■ **Given data**:
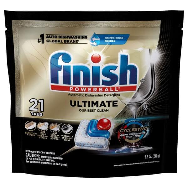Refill a tub with this pouch. Reuse. Refill. Repeat. Up to 80% plastic saved (b) by reusing your tub. 1. Open finish ultimate pouch with dry hands. 2. Empty finish tabs into finish ultimate tubs. 3. Close tub lid. 4. Discard empty refill pouch. Finish Ultimate Automatic Dishwasher Detergent Usage Instructions: Keep tabs from kids. – always re-seal pack after use 1. Handle with dry hands only 2. Additional moisture may cause tabs to stick together. Do not pull stuck tabs apart. 3. Do not unwrap, break, or puncture. Dissolves completely in wash. 4. Place one tab per wash in dry dispenser. 5. Do not place in cutlery basket. 6. For best results use eco/auto cycles. Make sure all items are dishwasher safe & follow the manufacturer’s instructions. Not recommended for use with true silver cutlery. To protect quality and prevent sticking of tabs, always reseal pack after use and store away from heat and moisture. For best results in hard water, use Finish Jet-Dry Rinse Aid. Finish Ultimate is safe for septic systems. (b) Plastic saved by refilling this pouch Into 28ct, 38ct, 52ct or 62ct tub.
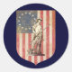 Dessin vintage de Concord Minuteman avec 13 colonies (Betsy Ross) premier drapeau américain en forme de bouclier de l'arrière - plan. Usagé. Vous pouvez ajouter votre message
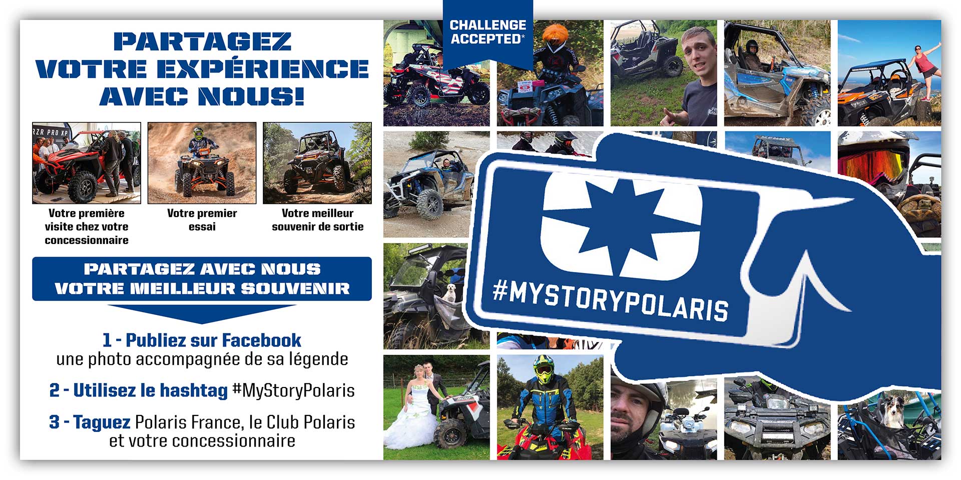 Chaque mois, la publication qui recevra le plus de like et d’interactions et qui se distinguera par la qualité et l’originalité de sa photo remportera le concours mensuel et un chèque cadeau d’accessoire et/ou d’équipement de 100€ à valoir chez son concessionnaire Polaris.
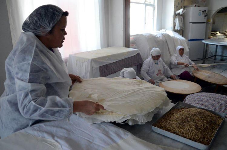 Baklavanın yaklaşık 200 yıllık bir geçmişi olduğunu kaydeden Uysal, "Baklavayı ilk önce yoğurarak hazırlıyoruz. En önemli aşaması bezelerin dinlenmesi aşamasıdır.

■ **Work request**:
Everything from the line containing "Dessin vintage de" through the end of the data should be printed exactly, line for line, except the pictures.

■ **Response for this exercise**:
 Dessin vintage de Concord Minuteman avec 13 colonies (Betsy Ross) premier drapeau américain en forme de bouclier de l'arrière - plan. Usagé. Vous pouvez ajouter votre message
 Chaque mois, la publication qui recevra le plus de like et d’interactions et qui se distinguera par la qualité et l’originalité de sa photo remportera le concours mensuel et un chèque cadeau d’accessoire et/ou d’équipement de 100€ à valoir chez son concessionnaire Polaris.
 Baklavanın yaklaşık 200 yıllık bir geçmişi olduğunu kaydeden Uysal, "Baklavayı ilk önce yoğurarak hazırlıyoruz. En önemli aşaması bezelerin dinlenmesi aşamasıdır.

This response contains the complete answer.